**Exercise brief:** A verbatim copy of the full data, with no pictures, is the expected answer.

**Data block:**
● ● ● ● ● ● ●

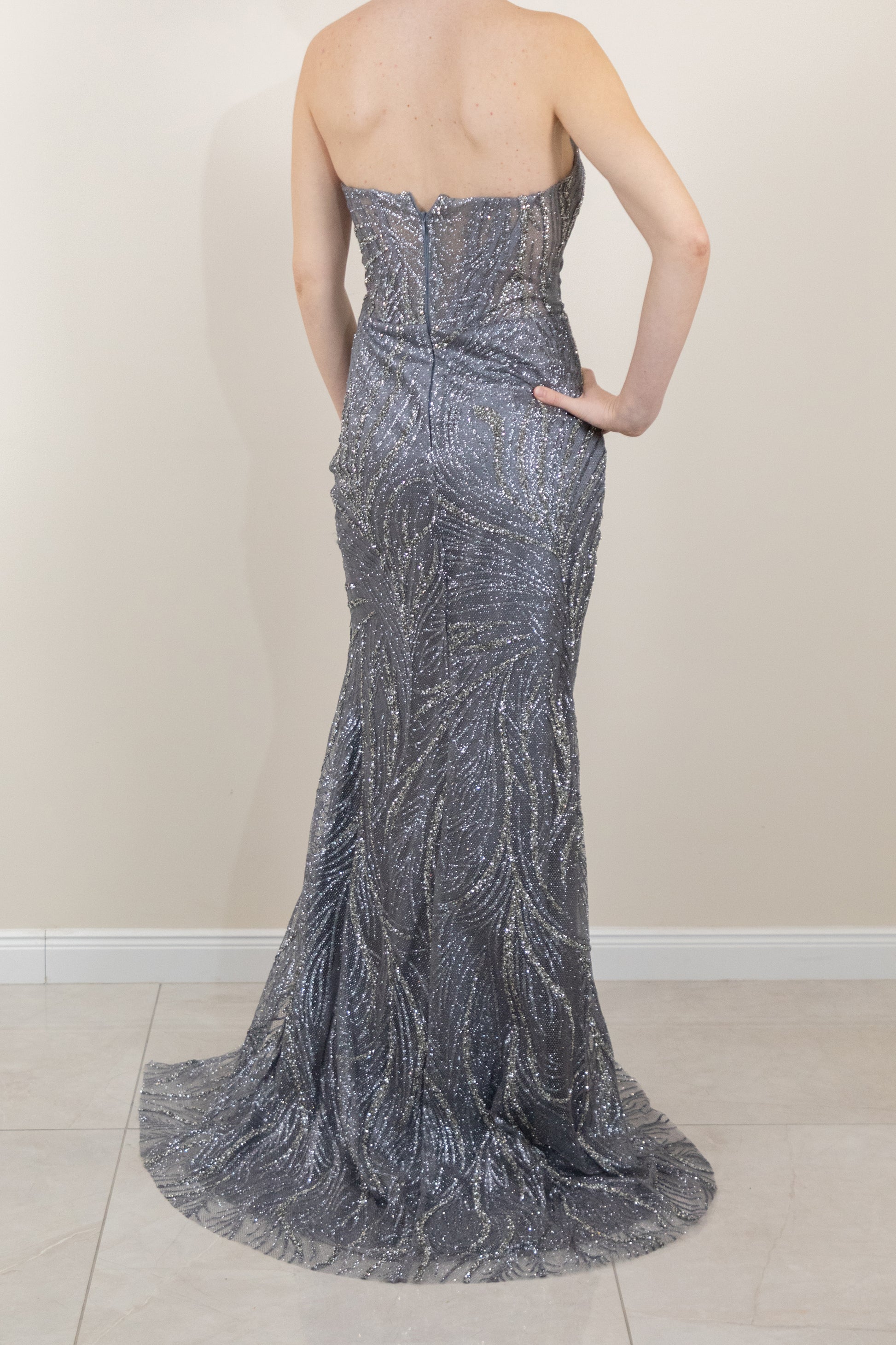 - Dieses elegante Abendkleid in einem edlen Grauton ist ein wahrer Blickfang für jede festliche Gelegenheit. Der figurbetonte Schnitt in Kombination mit einem geraden, trägerlosen Ausschnitt unterstreicht deine Silhouette auf stilvolle Weise. Die glitzernden Metallic Pailletten in geschwungenem Muster verleihen dem Kleid eine exklusive und glamouröse Ausstrahlung.
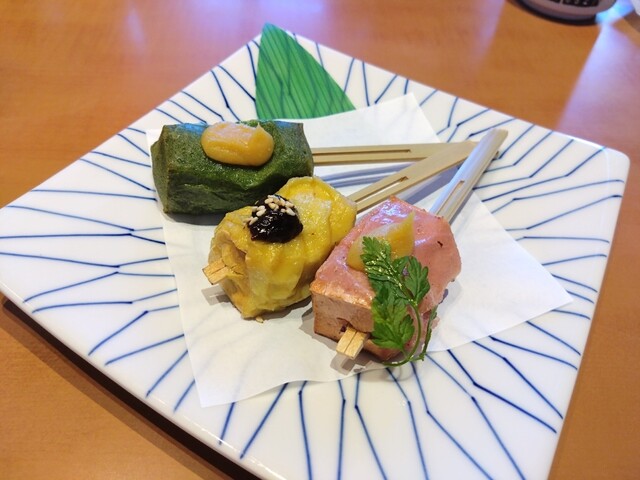 桜(ピンク色)、粟(黄色)、よもぎ(緑色)の3種類の生麩の田楽です。どの生麩も香りがよく、こちらは日本酒が欲しくなりました。
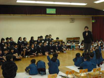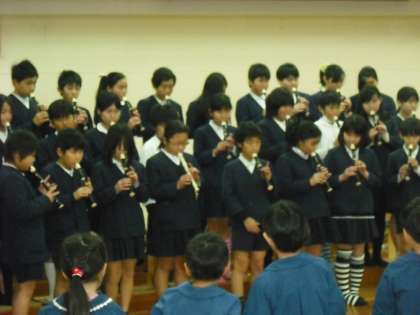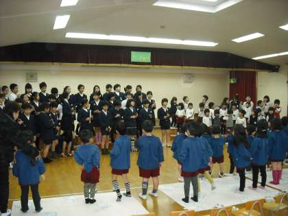 玉出小学校の5年生が玉出幼稚園に行きました。青組さんの音楽発表会を見ました。とても一生懸命やっていたので、玉小コンサートもがんばらないとと思った5年生でした。リコーダーで「やまびこさん」を演奏し、幼稚園の園児が歌い、とても楽しいひとときでした。
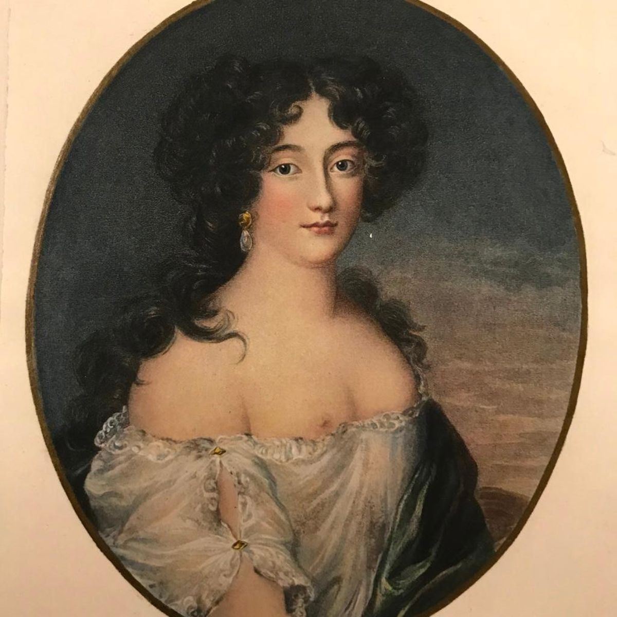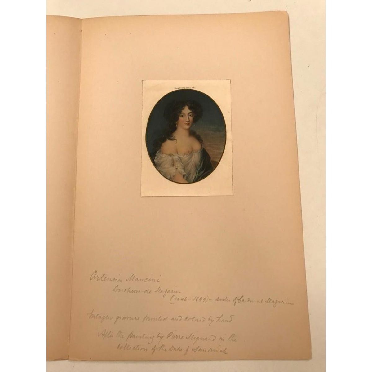 Early 20thc ( c 1903 ) hand-colored intaglio gravure print of the Duchesse de Mazarin. After the painting by Jocob Ferdinand Voet. Presented in an ivory colored folio, ready for framing, with a handwritten description. Beautiful portrait of a 17thc Italian lady of the court. Hortense Mancini, Duchesse de Mazarin ( 6 June 1646 – 2 July 1699 ), was a niece of Cardinal Mazarin, chief minister of France, and a mistress of Charles II King of England, Scotland and Ireland. She was the fourth of the five famous Mancini sisters, who along with two of their female Martinozzi cousins, were known at the court of King  Louis XIV of France, as the Mazerinettes. She became a favorite at the court of Charles II & well known for her love affairs. She was one of the first women in France to put her memoirs into print. * The last photo shows the famous Duchess with two of her sisters. Â

● ● ● ● ● ● ●

**Task result:**
 - Dieses elegante Abendkleid in einem edlen Grauton ist ein wahrer Blickfang für jede festliche Gelegenheit. Der figurbetonte Schnitt in Kombination mit einem geraden, trägerlosen Ausschnitt unterstreicht deine Silhouette auf stilvolle Weise. Die glitzernden Metallic Pailletten in geschwungenem Muster verleihen dem Kleid eine exklusive und glamouröse Ausstrahlung.
 桜(ピンク色)、粟(黄色)、よもぎ(緑色)の3種類の生麩の田楽です。どの生麩も香りがよく、こちらは日本酒が欲しくなりました。
 玉出小学校の5年生が玉出幼稚園に行きました。青組さんの音楽発表会を見ました。とても一生懸命やっていたので、玉小コンサートもがんばらないとと思った5年生でした。リコーダーで「やまびこさん」を演奏し、幼稚園の園児が歌い、とても楽しいひとときでした。
 Early 20thc ( c 1903 ) hand-colored intaglio gravure print of the Duchesse de Mazarin. After the painting by Jocob Ferdinand Voet. Presented in an ivory colored folio, ready for framing, with a handwritten description. Beautiful portrait of a 17thc Italian lady of the court. Hortense Mancini, Duchesse de Mazarin ( 6 June 1646 – 2 July 1699 ), was a niece of Cardinal Mazarin, chief minister of France, and a mistress of Charles II King of England, Scotland and Ireland. She was the fourth of the five famous Mancini sisters, who along with two of their female Martinozzi cousins, were known at the court of King  Louis XIV of France, as the Mazerinettes. She became a favorite at the court of Charles II & well known for her love affairs. She was one of the first women in France to put her memoirs into print. * The last photo shows the famous Duchess with two of her sisters. Â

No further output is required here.